Между тем Робеспьер, как мы сказали, редко показывается в Конвенте и никогда не показывается в комитете; говорит он только в своей якобинской палате лордов среди своих телохранителей, прозванных Tappe-durs. B продолжение этих "сорока дней", так как у нас теперь уже конец июля, он не казал глаз в комитет и влиял на его дела только через своих трех пустых негодяев, поддерживавших страх перед его именем. Сам же Неподкупный сидит в стороне или бродит по пустынным полям, погруженный в глубокую задумчивость; некоторые замечают, что "белки его глаз в красных крапинках"16 следствие разлития желчи. Бесконечно жалкая зеленоликая химера, бродящая по земле в этом июле! О злосчастная химера, ведь и у тебя была жизнь и было сердце из плоти, к чему привели тебя суровые боги, как будто улыбавшиеся тебе всю дорогу? Не ты ли немного лет назад был обещающим молодым адвокатом, который скорее отказался бы от своей судебной карьеры в Аррасе, чем приговорил к смерти хотя одного человека?

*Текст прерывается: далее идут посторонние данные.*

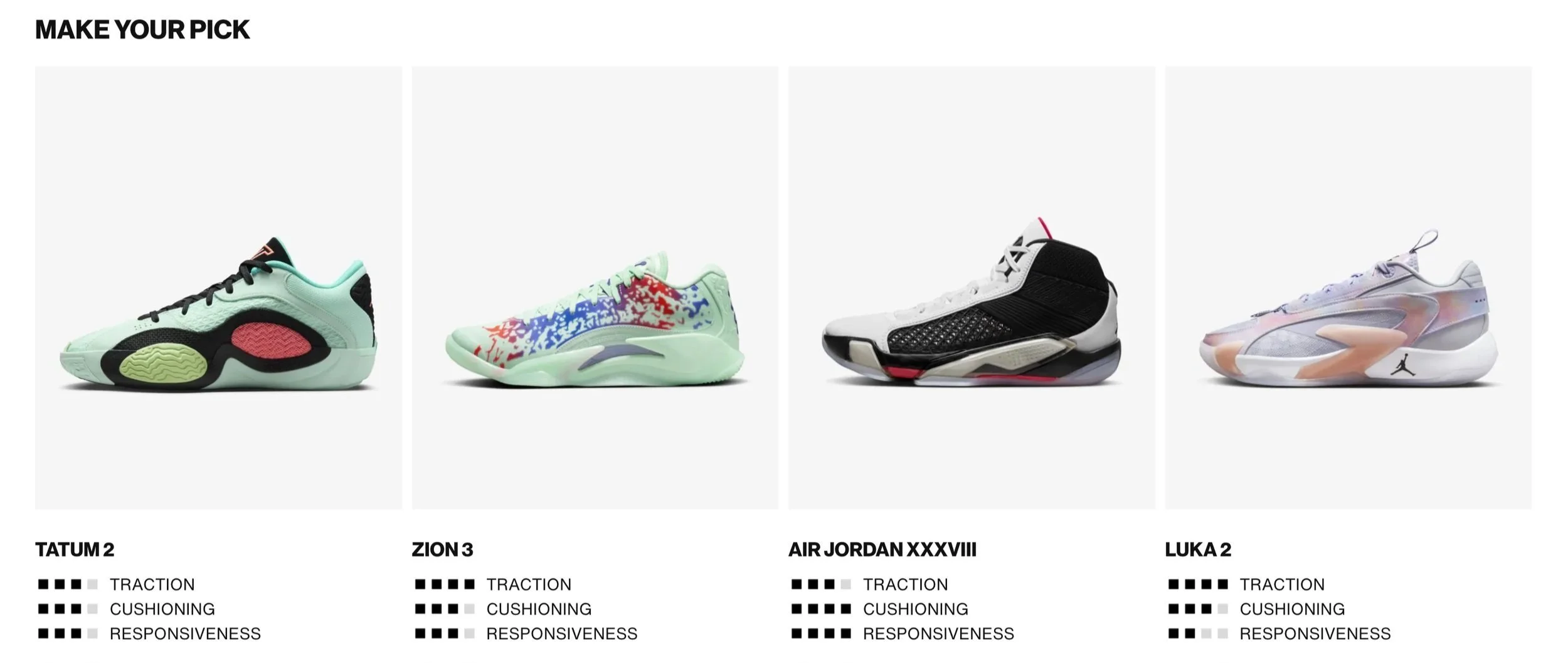 We need must use this footwear finder tool to re-introduce and re-enforce the tech and innovation of Jordan Basketball shoes, that ultimately makes our players better.

Каковы могут быть его мысли? Его планы, чтобы покончить с террором? Никто этого не знает. Носятся смутные слухи относительно аграрного закона: победоносный санкюлотизм становится земельным собственником; престарелые солдаты живут в национальных богадельнях и госпиталях, в которые обращены дворцы Шамбора и Шантильи; мир куплен победами, трещины замазаны праздником Etre Supreme (Верховного Существа); итак, через моря крови к равенству, умеренности, трудовому благосостоянию, братству и добродетельной республике. Благословенный берег, виднеющийся из моря аристократической крови! Но как пристать к нему? С последним валом: с валом крови развращенного санкюлотства, изменников или полуизменников, членов Конвента, мятежных Тальенов, Бийо, которым я надоел с моим Etre Supreme; с моей апокалиптической старухой, предметом насмешек! Вот что в голове у этого жалкого Робеспьера, похожего на зеленоликий призрак среди цветущего июля! О проектах его носятся смутные слухи, но, каковы были эти проекты или идеи в действительности, этого люди никогда не узнают.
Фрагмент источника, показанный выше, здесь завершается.